* _Work required_
Retype the listing below line for line, but only from the line with "Passione Ardente - Il" down to the line with "HOÀNG TỬ CỦA", inclusive. Pictures stay out.

* _Records supplied_
-------------------------

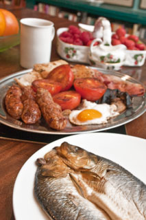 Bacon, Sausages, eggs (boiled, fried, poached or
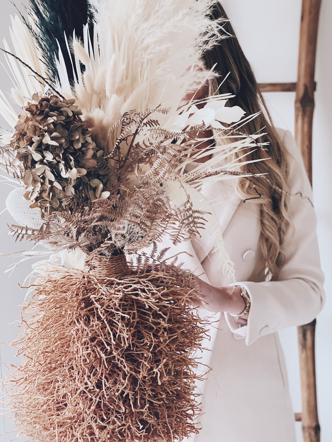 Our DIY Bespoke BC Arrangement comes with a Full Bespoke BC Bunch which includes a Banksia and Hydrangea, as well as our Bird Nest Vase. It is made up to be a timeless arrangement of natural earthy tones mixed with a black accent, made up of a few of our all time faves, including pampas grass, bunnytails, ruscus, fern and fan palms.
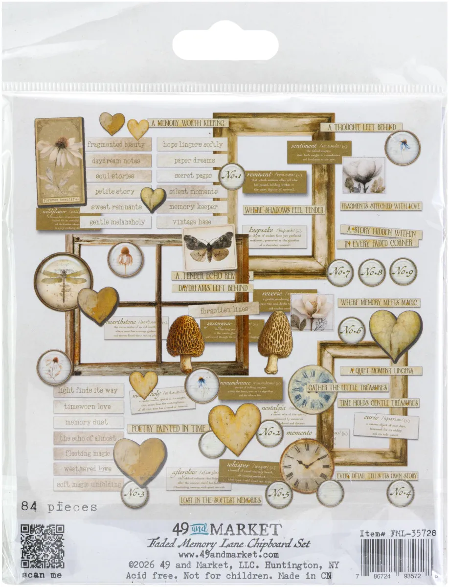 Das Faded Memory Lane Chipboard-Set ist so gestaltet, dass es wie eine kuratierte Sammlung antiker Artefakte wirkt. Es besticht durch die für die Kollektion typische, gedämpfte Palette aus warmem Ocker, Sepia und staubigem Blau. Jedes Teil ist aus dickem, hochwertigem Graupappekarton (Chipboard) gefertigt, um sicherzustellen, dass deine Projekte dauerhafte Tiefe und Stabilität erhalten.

-------------------------

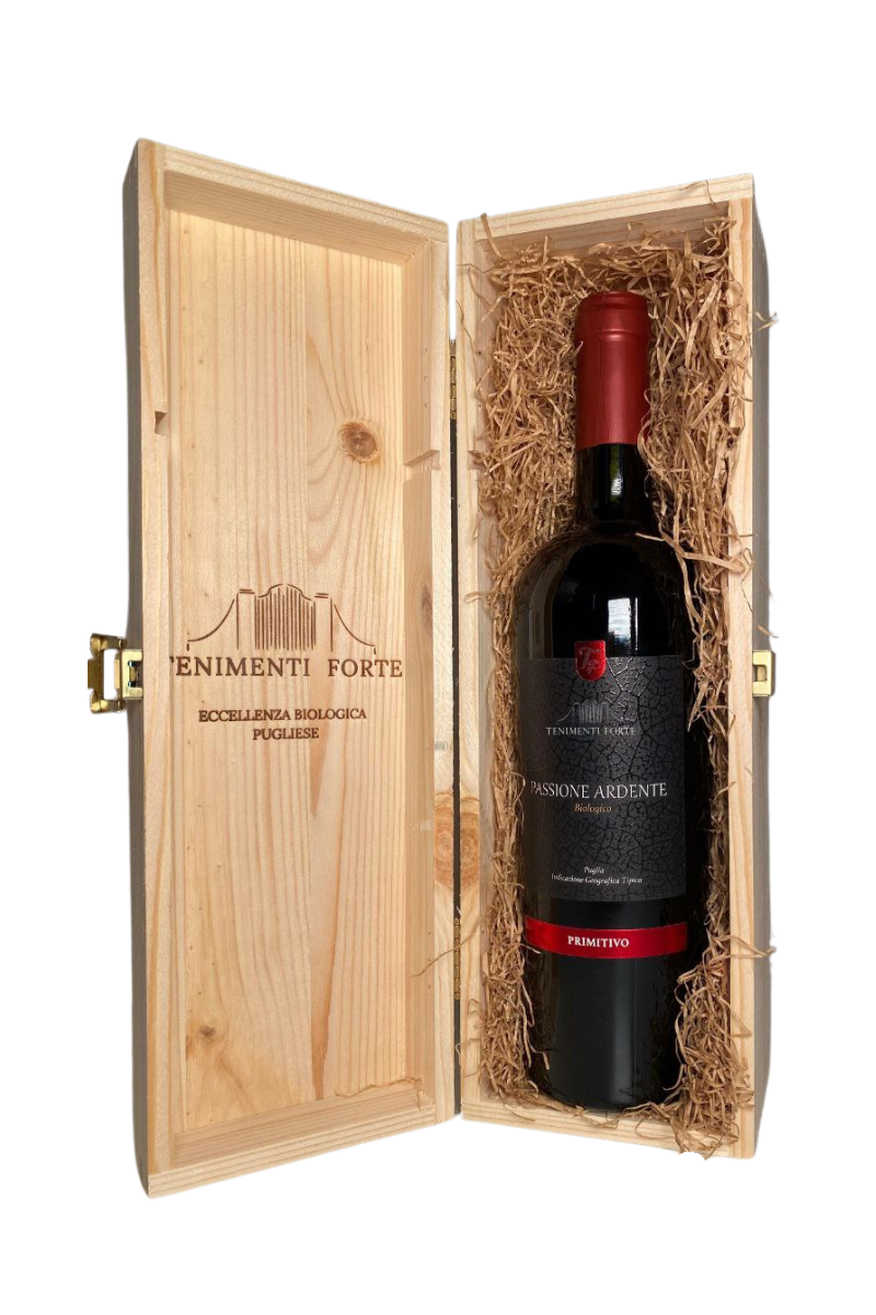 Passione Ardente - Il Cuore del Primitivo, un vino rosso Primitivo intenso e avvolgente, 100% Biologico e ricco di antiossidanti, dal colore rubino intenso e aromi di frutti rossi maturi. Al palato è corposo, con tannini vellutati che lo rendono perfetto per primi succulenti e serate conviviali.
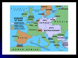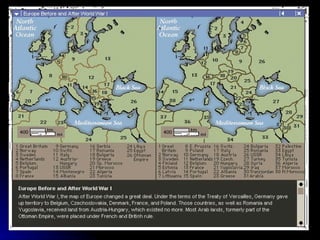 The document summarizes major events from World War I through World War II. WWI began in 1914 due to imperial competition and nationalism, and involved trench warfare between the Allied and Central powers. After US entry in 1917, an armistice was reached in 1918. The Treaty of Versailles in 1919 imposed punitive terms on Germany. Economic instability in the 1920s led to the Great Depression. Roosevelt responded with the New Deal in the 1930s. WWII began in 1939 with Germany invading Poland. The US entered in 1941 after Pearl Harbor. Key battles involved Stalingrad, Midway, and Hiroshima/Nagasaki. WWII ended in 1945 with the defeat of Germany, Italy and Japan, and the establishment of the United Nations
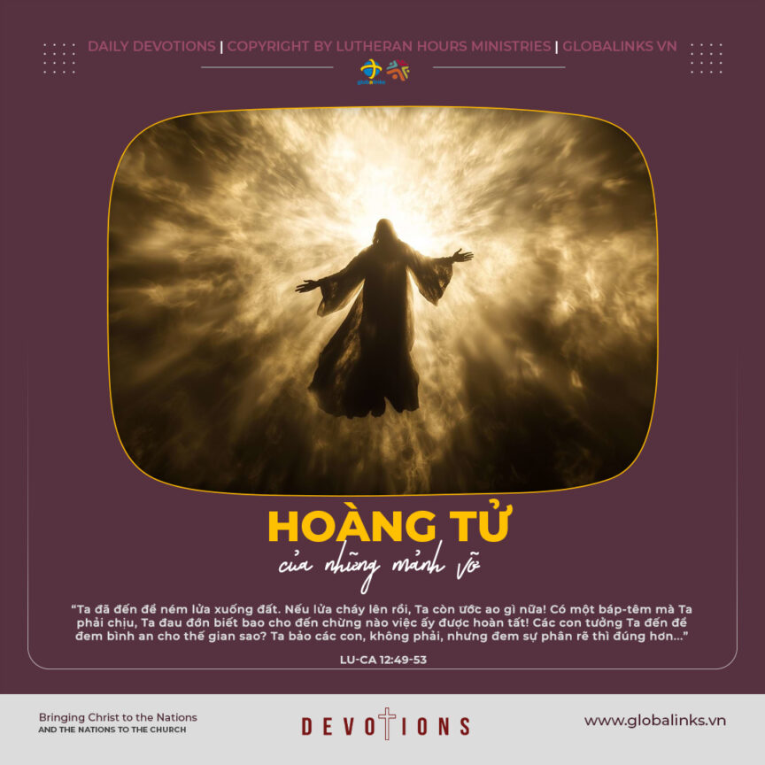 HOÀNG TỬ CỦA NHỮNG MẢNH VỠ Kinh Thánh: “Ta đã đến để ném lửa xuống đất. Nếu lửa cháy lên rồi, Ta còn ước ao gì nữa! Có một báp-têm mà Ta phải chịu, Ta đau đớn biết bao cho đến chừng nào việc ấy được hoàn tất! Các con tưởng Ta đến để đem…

-------------------------

* _Response area_
 Passione Ardente - Il Cuore del Primitivo, un vino rosso Primitivo intenso e avvolgente, 100% Biologico e ricco di antiossidanti, dal colore rubino intenso e aromi di frutti rossi maturi. Al palato è corposo, con tannini vellutati che lo rendono perfetto per primi succulenti e serate conviviali.
 The document summarizes major events from World War I through World War II. WWI began in 1914 due to imperial competition and nationalism, and involved trench warfare between the Allied and Central powers. After US entry in 1917, an armistice was reached in 1918. The Treaty of Versailles in 1919 imposed punitive terms on Germany. Economic instability in the 1920s led to the Great Depression. Roosevelt responded with the New Deal in the 1930s. WWII began in 1939 with Germany invading Poland. The US entered in 1941 after Pearl Harbor. Key battles involved Stalingrad, Midway, and Hiroshima/Nagasaki. WWII ended in 1945 with the defeat of Germany, Italy and Japan, and the establishment of the United Nations
 HOÀNG TỬ CỦA NHỮNG MẢNH VỠ Kinh Thánh: “Ta đã đến để ném lửa xuống đất. Nếu lửa cháy lên rồi, Ta còn ước ao gì nữa! Có một báp-têm mà Ta phải chịu, Ta đau đớn biết bao cho đến chừng nào việc ấy được hoàn tất! Các con tưởng Ta đến để đem…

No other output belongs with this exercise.